Kathleen Maris Paltrineri is a Pushcart Prize-nominated poet from Iowa. She received her MFA from the University of New Hampshire where she studied with Charles Simic. She created Origins: The International Writing Program Podcast while she was the Fall Residency coordinator for the University of Iowa’s International Writing Program. In 2018, she was a Distinguished Visiting Writer at Cornell College and a Jentel Artist Residency Fellow. She translates poetry from the Norwegian and is a candidate in the Iowa Literary Translation Workshop. Her work may be found at kathleenmarispaltrineri.com. I learned to know the warmest liveliest sunshiny Kathleen when I was participating in the International Writing Program Fall Recidency in Iowa 2016.

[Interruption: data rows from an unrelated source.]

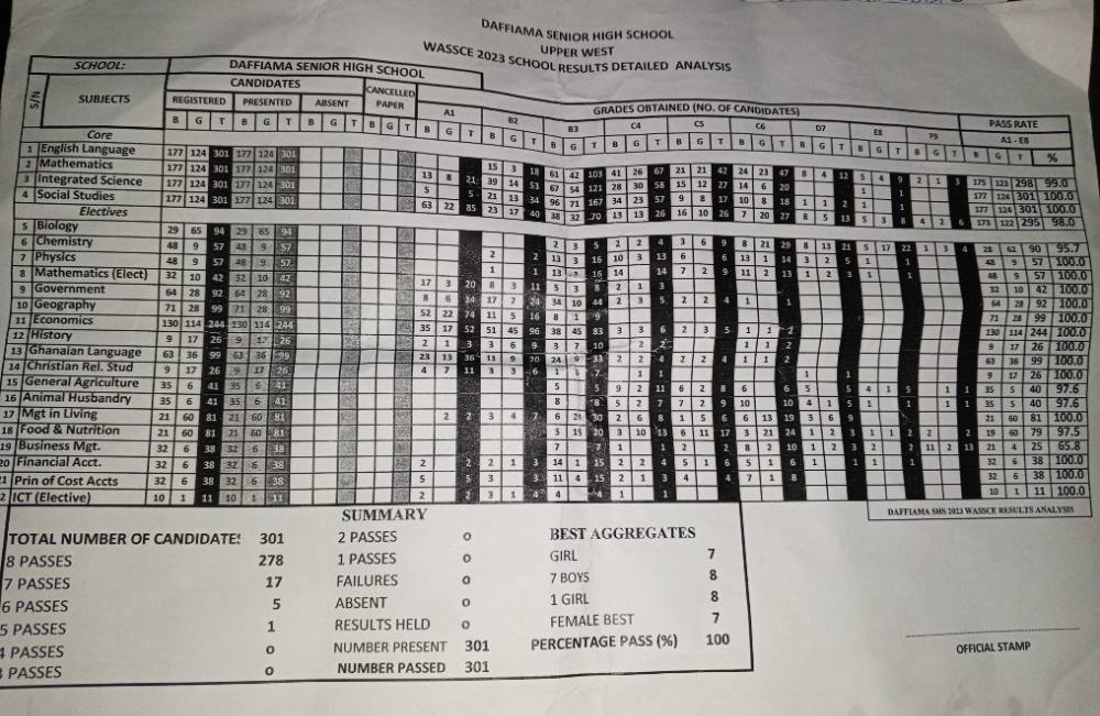 Daffiama SHS in the Daffiama-Bussie-Issa District of Upper West Region has Recorded a remarkable 100% in WASSCE Performance 2023, this is the fifth time the school has recorded such a performance.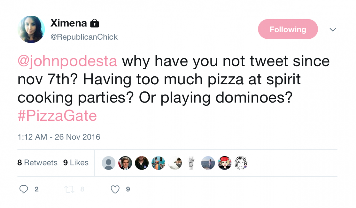 “@johnpodesta why have you not tweet since nov 7th? Having too much pizza at spirit cooking parties? Or playing dominoes? #PizzaGate,” Barreto tweeted in late November 2016.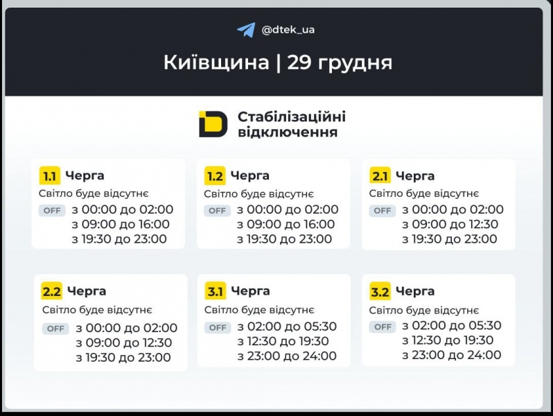 Через наслідки ворожих обстрілів і складні погодні умови 29 грудня в Україні застосовують погодинні та аварійні відключення електроенергії. Також діють обмеження потужності для бізнесу й промислових споживачів.

"When I landed in Finland for the very first time in Kuopio 24 December 2000, it was -24 C. Would be good to visit Kuopio on the same day this winter!", ko ko thett wrote to me when I told him about how warm winter we had this year (2020). Burmese poet ko ko thett arrived to Finland in 2000 as a quota refuree and received Finnish citizenship. Nowadays he lives in London. How ever our roads crossed in Iowa, USA, where we were taking part to International Writing Programs Fall Recidency in 2016. Poet, translator and editor ko ko thett was born in Rangoon (Yangon) in 1972. In 1995, whilst studying engineering at the Yangon Institute of Technology (YIT), thett began editing and publishing 'Old Gold', a campus samizdat in Burmese. In the aftermath of Funeral of Old Gold, his second chapbook, he was arrested and detained for his involvement in the December 1996 student uprising. After his release in April 1997, he left both YIT and Burma for Singapore and then Bangkok, where he spent three years working for the Jesuit Refugee Service Asia Pacific. Thett took up peace and conflict studies at the University of Helsinki, before finally moving to Vienna to study with Wolfram Schaffar at the Institute for International Development at the University of Vienna. In late 2015, ko ko thett returned to his native Rangoon. After a residency at the International Writing Program at the University of Iowa in the fall of 2016, and a book tour in the US, thett has been resettled in Sagaing, in central Myanmar, since 2017. He is the Burmese editor for the Poetry International website and co-editor and translator of Bones Will Crow: 15 Contemporary Burmese Poets, an anthology of Burmese poetry, recipient of the 2012 English PEN Writers in Translation Programme Award and one of '10 books that chart the country's tumultuous history', according to The Guardian. His book of poems, The Burden of Being Burmese (Zephyr, 2016) , the first ever full-length collection in English by a Burmese poet, is listed on World Literature Today's Nota Benes.